Sunday, 20 October 2019

Background information to Leviticus 11-15

So far in our reflection, we have completed Leviticus 1-10. The key focus has been on the priests, the sanctuary and the worship. The focus is about to be changed from the sanctuary to the worshippers and their everyday living in chapters 11-15. To make clear and to better understand the next five chapters, here is some background information to help make things clearer.

Immediately we see the thrust of the texts in differentiating between the clean and the unclean. Being unclean has nothing to do with the physical state of one’s life. It’s not about a person who has washed clean from dirt. It is about whether a person is ready and qualified to worship the Lord. Cleanness defines a person’s fitness to come before God in worship. Then there is the term holiness that needs to be understood. Holiness has to do with being set apart and consecrated for God. In the Old Testament, holiness is a state of being where one subjected himself to washing, fasting, abstaining from certain food or even sexual relationship, to make him ready to worship and serve God.  
   
Chapters 11-15 of Leviticus deal with regulations pertaining to what’s clean and what’s unclean. These chapters define for us what is clean and what’s unclean. They are set to show how the people could be cleaned from the polluting and defiling effects of the unclean. Leviticus 11 deals with clean and unclean food. Leviticus 12 deals with the uncleanness as a result of childbirth. Leviticus 12-13 deals with uncleanness brought about by skin and fungus diseases, and Leviticus 15 deals with the uncleanness of genital discharge.

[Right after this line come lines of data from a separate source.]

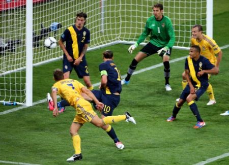 52-минуттарда алаң ортасында Селин жарақат алып, жатып қалды. Төреші ойынды жалғастыра берді. Әріптесіне алаңдаймын деп жүріп Ярмоленко жаза басты. Допты Чельстрем қағып алып, Златанға берді. Ал ол болса, өз кезегінде қақпаға бағыттай салды. Гол! Бірақ, шведтердің қуанышы ұзаққа созылмады. 55-минуттарда Ярмоленко Шеваға жоғарыдан пас тастады. Әуелеп келген допты Шева ойланбастан қақпаға бағыттады. Исакссон қақпаны қорғай алмай дәрменсіз қалды. Сол бір дәрменсіздігі тағы бір жолы қайталанды. 62-минуттарда Воронин бұрыштама добын орындауға мүмкіндік алды. Бүкіл швед қорғаушыларымен қосылып, Златан да қақпаның жақын маңын қорғауға келді. Ал не керек, бұрыштама добы орындалып, айналып ұшқан доп жақын маңға бара жатқан. Ол жерде ұзын бойлы Златанның тұрғанын көріп, бәрі үмітін үзгендей еді.. Жоқ, талантты Шева бірінші болып барып допты қақпаның жақын маңына тоғыта салды. Гол! Гол! Гол!
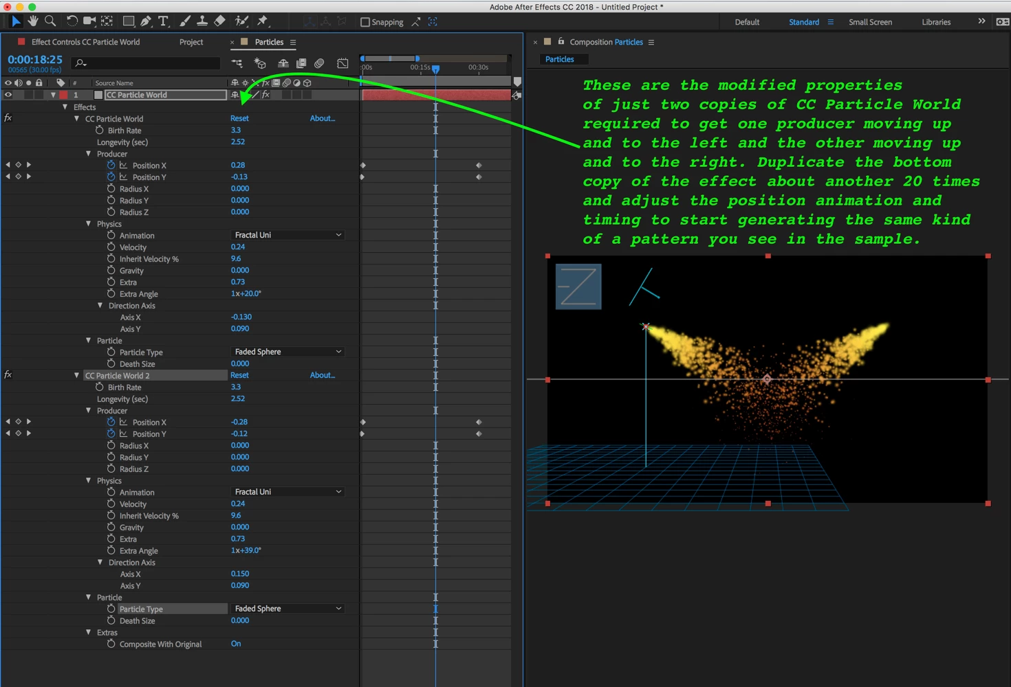 You should be able to duplicate this by adjusting the properties that I modified. Then work on the look of the particles, add animation to the producer (emitter) to make it bigger and animate the physics, lifespan and whatever other properties you need to animate to get the bursting and dying particles at the end of the motion path, then duplicate it again 100 times adjusting paths of each of the producers and the timing to get the look you want, then if your system does not die you will have come close to the same look using a standard effect.
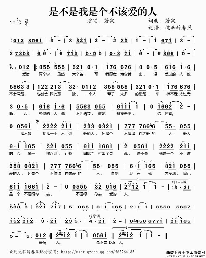作词:若寒 作曲:若寒 演唱(奏):若寒 格式:简谱 来源:桃李醉春风记谱 上传:桃李醉春风
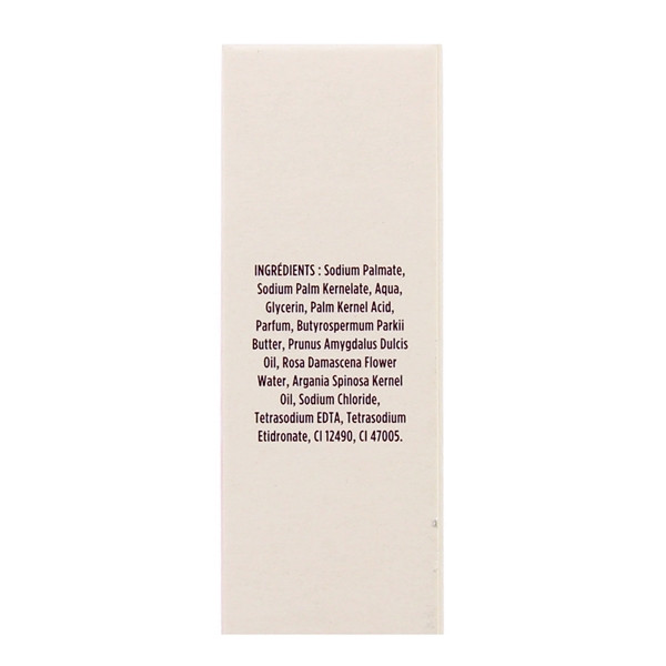 Sodium Palmate, Sodium Palm Kernelate, Aqua, Glycerin, Palm Kernel Acid, Parfum, Butyrospermum Parkii Butter, Prunus Amygdalus Dulcis Oil, Rosa Damascena Flower Water, Argania Spinosa Kernel Oil, PPG-5-Ceteth-20, Sodium Chloride, Tetrasodium EDTA, Tetrasodium Etidronate, CI 12490, CI 47005.
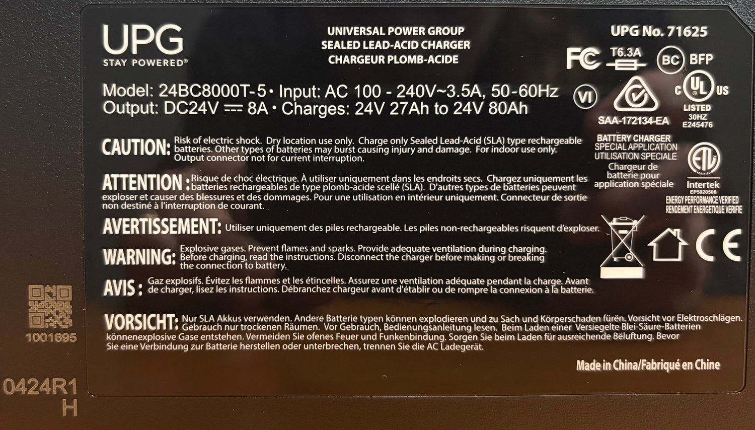 This 24 volt 8 amp XLR 24BC8000T-4 battery charger is no lightweight plastic contraption. This charger for Gel and Absorbed Glass Mat (AGM) batteries is made by Universal Power Group (UPG), a very respected manufacturer of top-quality batteries and chargers for the medical and mobility industry. So trusted is this charger that Invacare offers it as original equipment on a number of their power chair models.
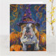 Spooky Bulldog Halloween Witch And Pumpkin Card

Why food regulation? Was it for hygienic and health reasons as some have proposed? The instruction of God in Genesis 9:3-5 was: “Every moving thing that is alive shall be food for you; I give all to you, as I gave the green plant. Only you shall not eat flesh with its life, that is, its blood. Surely, I will require your lifeblood; from every beast I will require it. And from every man, from every man’s brother I will require the life of man.” Mankind could partake of any animal except for its blood. So, God forbade the eating of blood. Then in Leviticus 11, God specified the clean animals that the Israelites could partake. He delineated the clean from the unclean animal. This seems to set forth the regulation that would distinguish the people of Israel from the rest of the world. While the rest could eat any animal, the people of Israel were set apart by the dietary regulation. God wants His people to be distinguished from the rest of the world. By extension, this implies that God wants us to be His unique people, known by our relationship with Him. We can understand why He wants us not to be conformed to this world. Let us be God’s transformed people for His glory!